TRY IT - Transcribe every line below exactly; no image goes into the output.

COLLECTED DATA -
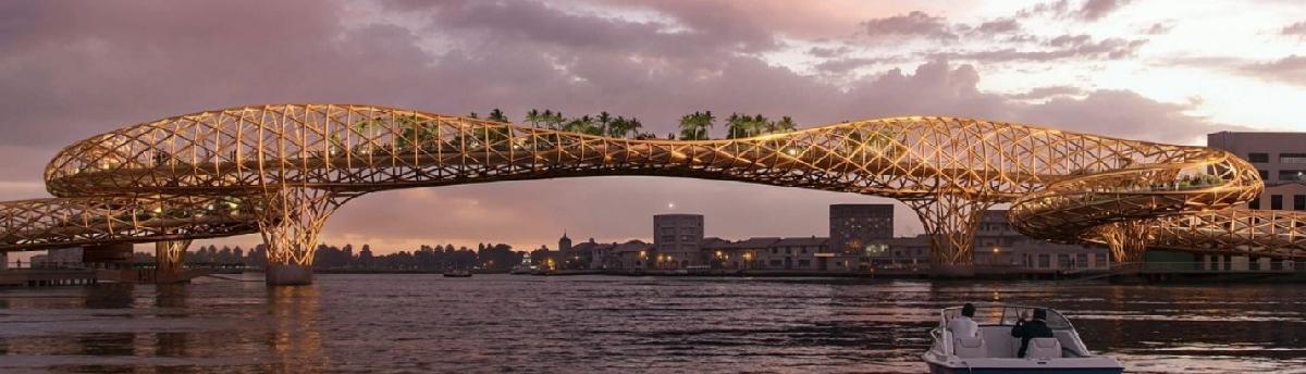 Was die BMA präsentiert hat, ist weit mehr als eine nüchterne Verkehrsbrücke. Der Entwurf zeigt eine moderne, skulpturale Struktur aus goldfarbenem Metall, gebildet aus einem filigranen Gitter aus diagonal verflochtenen Streben. Diese halb offene Hülle umschließt den Gehweg und wirkt zugleich als Schattenspender – ein cleveres Detail im tropischen Klima Bangkoks.Die Dichte des Metallgeflechts variiert entlang der Brücke: dichtere Bereiche filtern die intensive Sonne, offenere Abschnitte lassen Wind vom Fluss durchziehen. Nachts sorgen integrierte, unsichtbar verbaute Lichtquellen für eine stimmungsvolle Beleuchtung, ohne die klare Form zu stören.
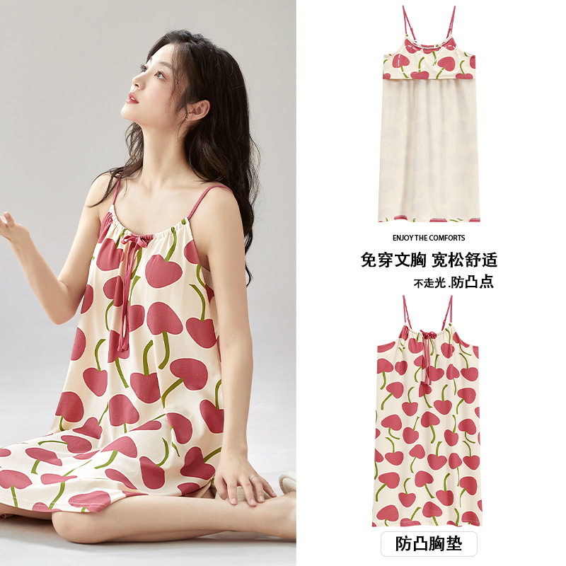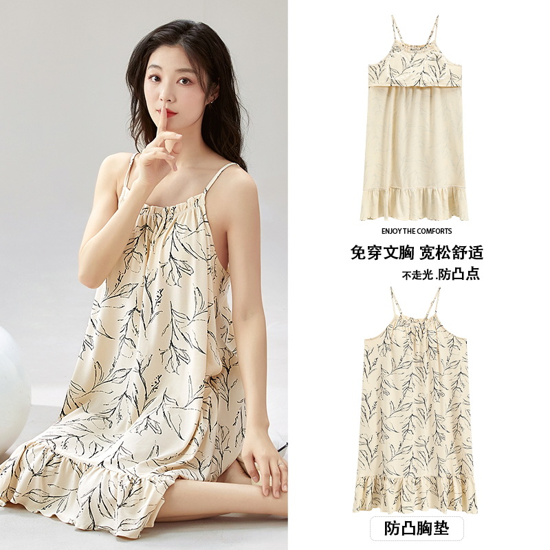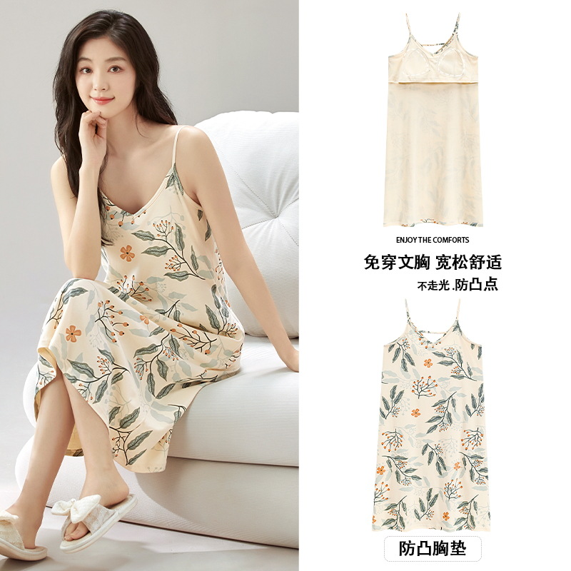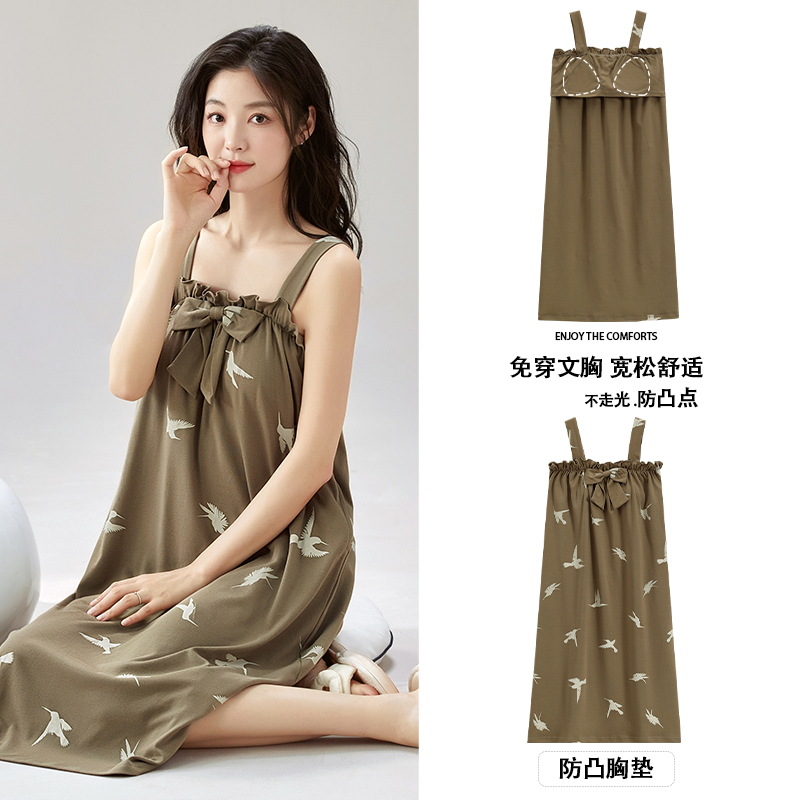 吊带睡裙女带胸垫夏天棉质睡衣女款夏季新款睡裙可外穿家居服
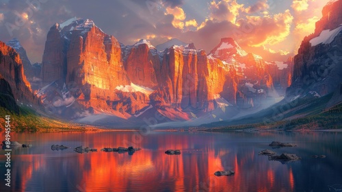 © MakoPoko, Fototapeta premium An awe-inspiring shot of towering mountains during sunrise, with the first rays of light illuminating the rugged cliffs and casting long shadows. The sky is painted in shades of orange and pink,
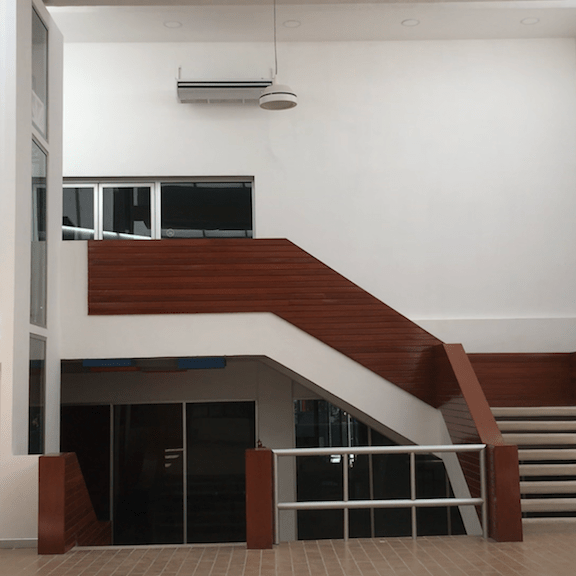 Mientras tanto en la planta alta: se encuentran otras áreas como son el taller fablab maya, la zona de talleres, el taller digital, el espacio dedicado a la cultura del cuidado del agua, el área de consulta general, el área de consulta digital y las áreas verdes.

ANSWER TO THIS TASK -
 Was die BMA präsentiert hat, ist weit mehr als eine nüchterne Verkehrsbrücke. Der Entwurf zeigt eine moderne, skulpturale Struktur aus goldfarbenem Metall, gebildet aus einem filigranen Gitter aus diagonal verflochtenen Streben. Diese halb offene Hülle umschließt den Gehweg und wirkt zugleich als Schattenspender – ein cleveres Detail im tropischen Klima Bangkoks.Die Dichte des Metallgeflechts variiert entlang der Brücke: dichtere Bereiche filtern die intensive Sonne, offenere Abschnitte lassen Wind vom Fluss durchziehen. Nachts sorgen integrierte, unsichtbar verbaute Lichtquellen für eine stimmungsvolle Beleuchtung, ohne die klare Form zu stören.
 吊带睡裙女带胸垫夏天棉质睡衣女款夏季新款睡裙可外穿家居服
 © MakoPoko, Fototapeta premium An awe-inspiring shot of towering mountains during sunrise, with the first rays of light illuminating the rugged cliffs and casting long shadows. The sky is painted in shades of orange and pink,
 Mientras tanto en la planta alta: se encuentran otras áreas como son el taller fablab maya, la zona de talleres, el taller digital, el espacio dedicado a la cultura del cuidado del agua, el área de consulta general, el área de consulta digital y las áreas verdes.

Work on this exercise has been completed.